(Stored items)
□ □ □ □ □

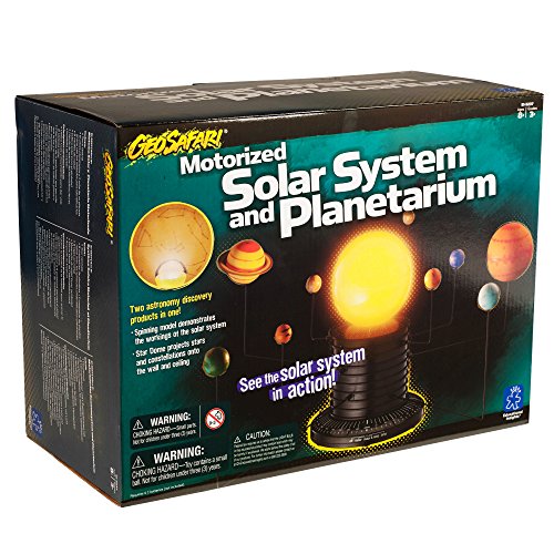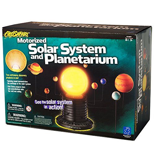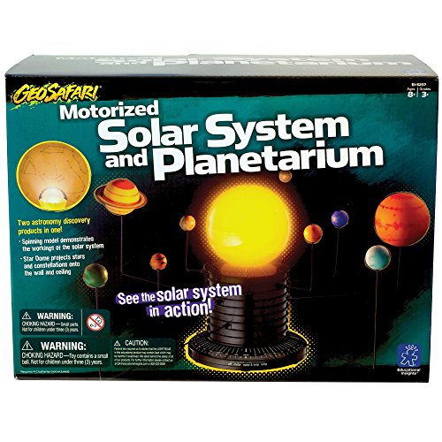 -. Binding : Toy -. Brand : Educational Insights -. Color : Multi -. Department : unisex-child -. EAN : 0885300998857 -. Feature : From an award-winning line of science toys that will launch a lifelong love of space exploration and introduce key astronomy concepts and terminology! / Convert any room into a planetarium with this spectacular orbiting solar system! / Includes a brightly lit sun, 8 rotating planets, and Pluto, the dwarf planet, all on a sturdy base. / Study the orbits and rotation of the planets or project the constellations onto your ceiling! / Requires 4 C batteries (not included) -OR- an AC adapter (sold separately). / Observe the vastness of space in a dramatic light show / Base features planetary longitude marks so the planets can be set up to their correct positions -. IsAdultProduct : 0 -. IsAutographed : 0 -. IsMemorabilia : 0 -. ItemPartNumber : EI 5237 -. Label : Educational Insights -. LegalDisclaimer : choking hazard-small parts. Not for children under 3 years. -. Manufacturer : Educational Insights -. Model : EI-5237 -. MPN : EI-5237 -. NumberOfItems : 1 -. PackageQuantity : 1 -. PartNumber : EI-5237 -. ProductGroup : Toy -. ProductTypeName : TOYS_AND_GAMES -. Publisher : Educational Insights -. ReleaseDate : 2007-06-01 -. Studio : Educational Insights -. Title : Educational Insights GEOSAFARI MOTORIZED SOLAR SYSTEM - Award-Winning Science Toys -. UPC : 086002052377 -. Warranty : 30 days Manufacture Defects
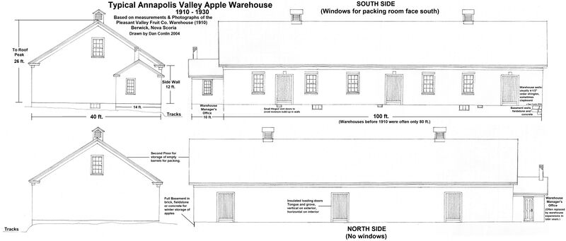 Plans of a typical 40' x 100' Annapolis Valley Apple Warehouse, circa 1910-1930, drawn by Dan Conlin in 2004 based on photographs of the Pleasant Valley Fruit Company warehouse in Berwick and measurements taken by Ric Hamilton.
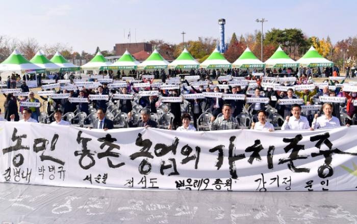 ▲ 강기정 광주광역시장이 11일 오전 서구 상무시민공원에서 열린 제27회 농업인의 날 행사에 참석해 광주시-자치구-농업인단체 간 농민수당 지원 협약을 체결한 뒤 기념촬영을 하고 있다./광주광역시 제공광주광역시는 2023년 농민수당 도입을 위한 추진 동력을 확보하고 속도
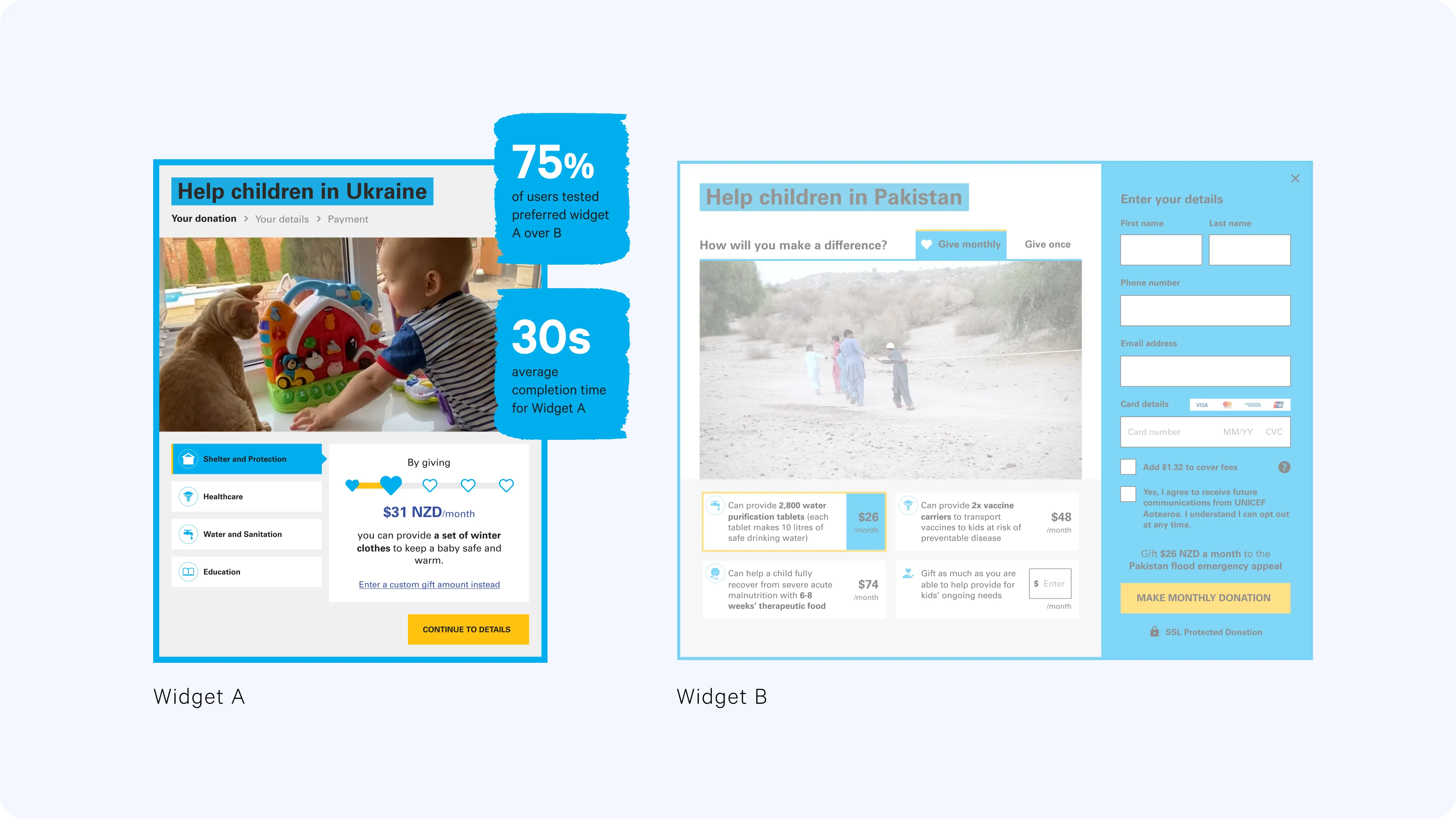 UNICEF Aotearoa needed to pivot from face-to-face fundraising to digital-first donor engagement, but their existing website was failing to convert visitors into regular donors. As Product Design Lead, I guided a comprehensive digital transformation that balanced urgent business needs with careful stakeholder management and user-centered design principles.
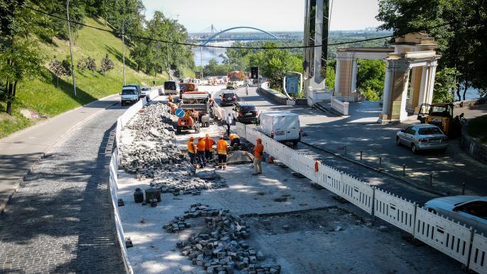 У Києві розпочали етап ремонту Володимирського узвозу: масштабні ремонтні роботи покриття із бруківки на середніх смугах дороги.
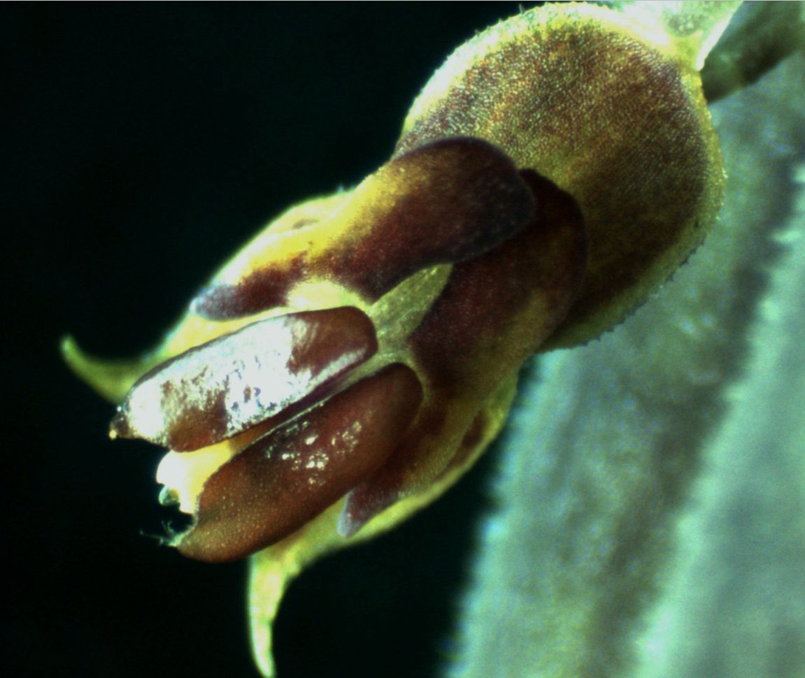 Found in Amazonas department of Peru without elevational data as a mini-mininature sized epiphyte with suberect ramicauls enveloped by 6 to 13, lepanthiform sheaths with dilated, ciliate ostia and carrying a single, apical, suberect to spreading, coriaceous, elliptical, slightly acuminate, acute, reticulate, convex, sulcate centrally, cuneate below into the petiolate base leaf that blooms in the late spring on a filiform, congested, 1.28" to 2.08" [3.2 to 5.2 cm] long, including the .08" [2 mm] long peduncle, successively single, many flowered inflorescence arising along the sulcus of the dorsum of the leaf.
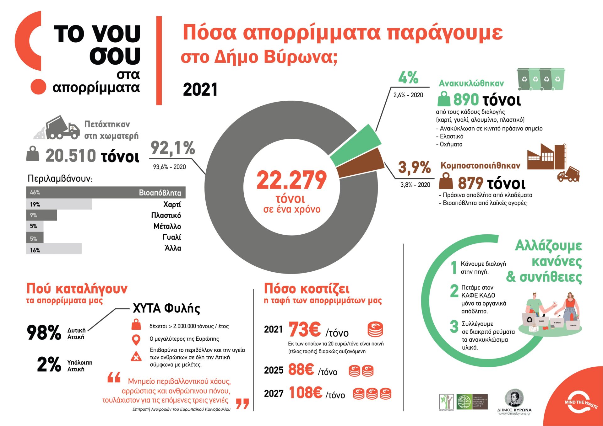 Στο παράδειγμα του Δήμου Βύρωνα, έναν τυπικό αστικό Δήμο με μεγάλη πυκνότητα κατοίκησης, η παραγωγή απορριμμάτων για το έτος 2021 έφτασε τους 22.279 τόνους, με το συντριπτικό ποσοστό (92,1%) τους να καταλήγει στην χωματερή. Μόλις το 4% των συνολικών απορριμμάτων οδηγήθηκε προς ανακύκλωση ενώ αντίστοιχα κομποστοποιήθηκε μόνο το 3,9%. Όπως απεικονίζεται στο γράφημα, τα ποσοστά αυτά, θα μπορούσαν να είναι πολύ μεγαλύτερα, αφού στη χωματερή καταλήγουν εν τέλει τεράστιες ποσότητες ανακυκλώσιμων και κομποστοποιήσιμων υλικών.
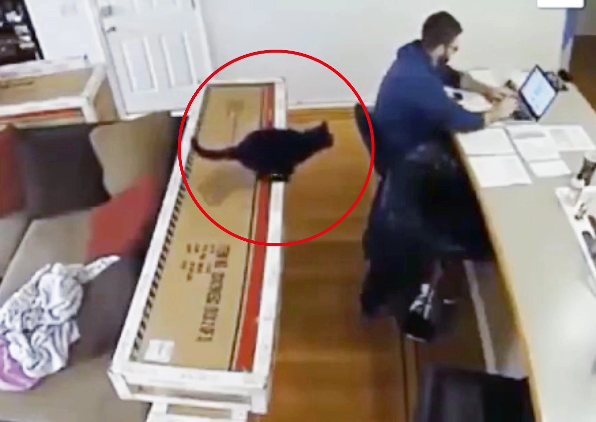 Домашние питомцы любят наблюдать за тем, чем занимаются их хозяева. Кот из этого ролика решил сесть поближе к своему владельцу, который в это время работал за ноутбуком, аккуратно разложив на столе документы. Котейка подкрался сзади, рассчитал траекторию и прыгнул. Однако он не ожидал, что бумаги, лежащие на столе, окажутся такими скользкими.

□ □ □ □ □

## TO DO
The records, exactly as written but without images, should be returned.

## OUTPUT OF THE EXERCISE
 -. Binding : Toy -. Brand : Educational Insights -. Color : Multi -. Department : unisex-child -. EAN : 0885300998857 -. Feature : From an award-winning line of science toys that will launch a lifelong love of space exploration and introduce key astronomy concepts and terminology! / Convert any room into a planetarium with this spectacular orbiting solar system! / Includes a brightly lit sun, 8 rotating planets, and Pluto, the dwarf planet, all on a sturdy base. / Study the orbits and rotation of the planets or project the constellations onto your ceiling! / Requires 4 C batteries (not included) -OR- an AC adapter (sold separately). / Observe the vastness of space in a dramatic light show / Base features planetary longitude marks so the planets can be set up to their correct positions -. IsAdultProduct : 0 -. IsAutographed : 0 -. IsMemorabilia : 0 -. ItemPartNumber : EI 5237 -. Label : Educational Insights -. LegalDisclaimer : choking hazard-small parts. Not for children under 3 years. -. Manufacturer : Educational Insights -. Model : EI-5237 -. MPN : EI-5237 -. NumberOfItems : 1 -. PackageQuantity : 1 -. PartNumber : EI-5237 -. ProductGroup : Toy -. ProductTypeName : TOYS_AND_GAMES -. Publisher : Educational Insights -. ReleaseDate : 2007-06-01 -. Studio : Educational Insights -. Title : Educational Insights GEOSAFARI MOTORIZED SOLAR SYSTEM - Award-Winning Science Toys -. UPC : 086002052377 -. Warranty : 30 days Manufacture Defects
 Plans of a typical 40' x 100' Annapolis Valley Apple Warehouse, circa 1910-1930, drawn by Dan Conlin in 2004 based on photographs of the Pleasant Valley Fruit Company warehouse in Berwick and measurements taken by Ric Hamilton.
 ▲ 강기정 광주광역시장이 11일 오전 서구 상무시민공원에서 열린 제27회 농업인의 날 행사에 참석해 광주시-자치구-농업인단체 간 농민수당 지원 협약을 체결한 뒤 기념촬영을 하고 있다./광주광역시 제공광주광역시는 2023년 농민수당 도입을 위한 추진 동력을 확보하고 속도
 UNICEF Aotearoa needed to pivot from face-to-face fundraising to digital-first donor engagement, but their existing website was failing to convert visitors into regular donors. As Product Design Lead, I guided a comprehensive digital transformation that balanced urgent business needs with careful stakeholder management and user-centered design principles.
 У Києві розпочали етап ремонту Володимирського узвозу: масштабні ремонтні роботи покриття із бруківки на середніх смугах дороги.
 Found in Amazonas department of Peru without elevational data as a mini-mininature sized epiphyte with suberect ramicauls enveloped by 6 to 13, lepanthiform sheaths with dilated, ciliate ostia and carrying a single, apical, suberect to spreading, coriaceous, elliptical, slightly acuminate, acute, reticulate, convex, sulcate centrally, cuneate below into the petiolate base leaf that blooms in the late spring on a filiform, congested, 1.28" to 2.08" [3.2 to 5.2 cm] long, including the .08" [2 mm] long peduncle, successively single, many flowered inflorescence arising along the sulcus of the dorsum of the leaf.
 Στο παράδειγμα του Δήμου Βύρωνα, έναν τυπικό αστικό Δήμο με μεγάλη πυκνότητα κατοίκησης, η παραγωγή απορριμμάτων για το έτος 2021 έφτασε τους 22.279 τόνους, με το συντριπτικό ποσοστό (92,1%) τους να καταλήγει στην χωματερή. Μόλις το 4% των συνολικών απορριμμάτων οδηγήθηκε προς ανακύκλωση ενώ αντίστοιχα κομποστοποιήθηκε μόνο το 3,9%. Όπως απεικονίζεται στο γράφημα, τα ποσοστά αυτά, θα μπορούσαν να είναι πολύ μεγαλύτερα, αφού στη χωματερή καταλήγουν εν τέλει τεράστιες ποσότητες ανακυκλώσιμων και κομποστοποιήσιμων υλικών.
 Домашние питомцы любят наблюдать за тем, чем занимаются их хозяева. Кот из этого ролика решил сесть поближе к своему владельцу, который в это время работал за ноутбуком, аккуратно разложив на столе документы. Котейка подкрался сзади, рассчитал траекторию и прыгнул. Однако он не ожидал, что бумаги, лежащие на столе, окажутся такими скользкими.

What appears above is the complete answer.